If it is indeed true that DCIS, other abnormal breast findings, as well as clinically confirmed invasive breast cancer, either remain benign or regress when left untreated, the entire breast cancer industry, which is already deeply mired in cause-marketing conflicts of interest, must radically reform itself, or face massive financial and ethical liabilities vis-à-vis outdated and no longer “evidence-based” practices.

Another serious problem with mammography (and there are dozens of them) not addressed in this latest research finding concerns the unique carcinogenicity of the x-rays the technology employs. We now know that the 30 kVp radiation, colloquially known as “low energy” x-rays, are between 300-400% more carcinogenic than the “higher energy” radiation given off by atomic bomb blasts (200 kVp or higher).[vi] Present day radiation risk models used to assess the known breast cancer risk associated with mammography against the purported benefits do not take into this profound discrepancy. In fact, these models were developed before DNA was even discovered.

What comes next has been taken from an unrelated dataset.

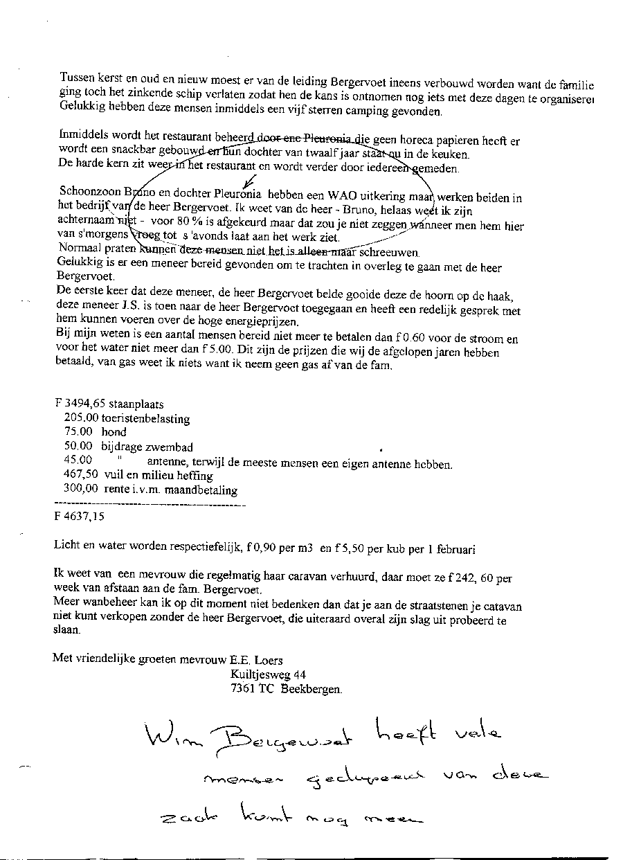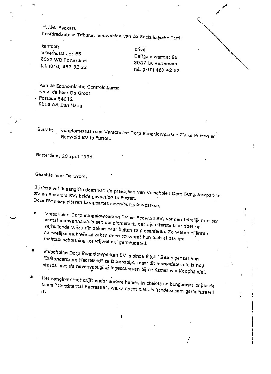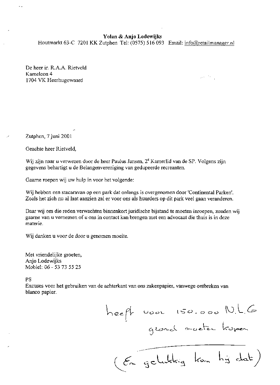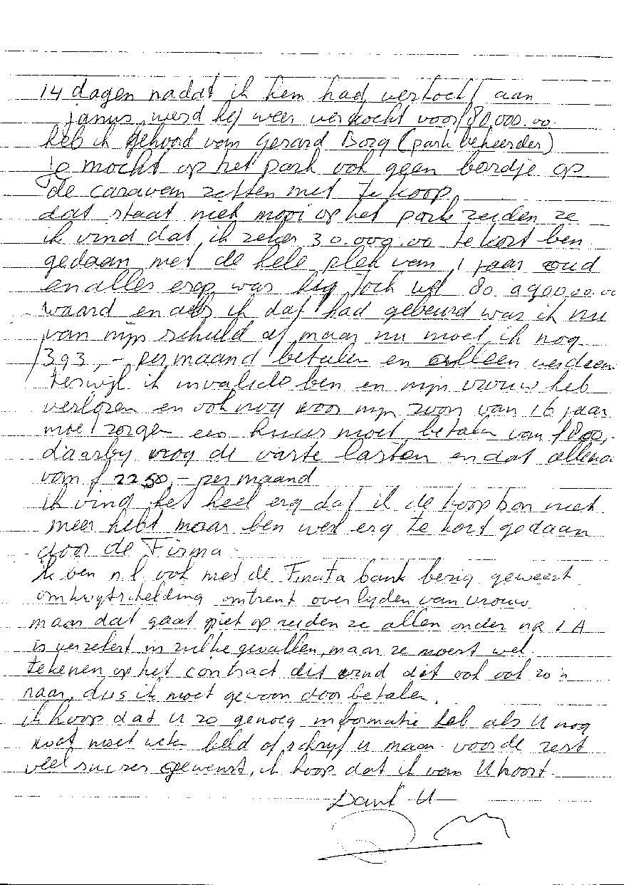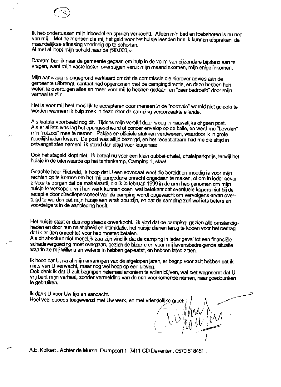 Daarbij heeft hij in opdracht en met zwendelpraktijken sociaal en maatschappelijk grote schade aangericht. Hij heeft fiscaal en financieel rendement behaald voor de grote financiers op de achtergrond. De grote geldmachine ondersteund door een leger van advocaten en notarissen (binnen de organisaten) hebben met het als maar rond en doorverkopen van de projecten de fiscale belasting die iedereen moet betalen weten te ontwijken. Rijk worden doe je door de maatschappij (fiscus) en onwetende mensen met chicanes grootselijk te bestelen. Voorbeelden daarvan zijn er in overvloed. De juristerij van grof betaalde advocaten beschadigde en beschadigt nog steeds tienduizenden mensen die dachten op een recreatiepark te kunnen genieten van hun rust met een aangekochte caravan of chalet met hun zuurverdiende centjes.

Also, considering that breast cancer susceptibility genes, BRCA1/BRCA2, interfere with the DNA self-repair mechanisms needed to reduce the carcinogenicity associated with radiation exposure within those who carry these genetic variations, the harms associated with mammography may be exponentially higher than the conventional medical community presently understands and communicates to their patients.  Indeed, it is likely that x-ray based mammography screenings have been planting the seeds of future radiation-induced breast cancer within exposed populations.

With top-tier biomedical journals now publishing research diametrically opposed to the policies and recommendations of both governmental, non-governmental and industry-sponsored health organizations, the time is ripe for us to critically evaluate conventional medicine’s conventional standard of care and to educate ourselves further to the true causes of cancer, and how to go about preventing and/or removing them.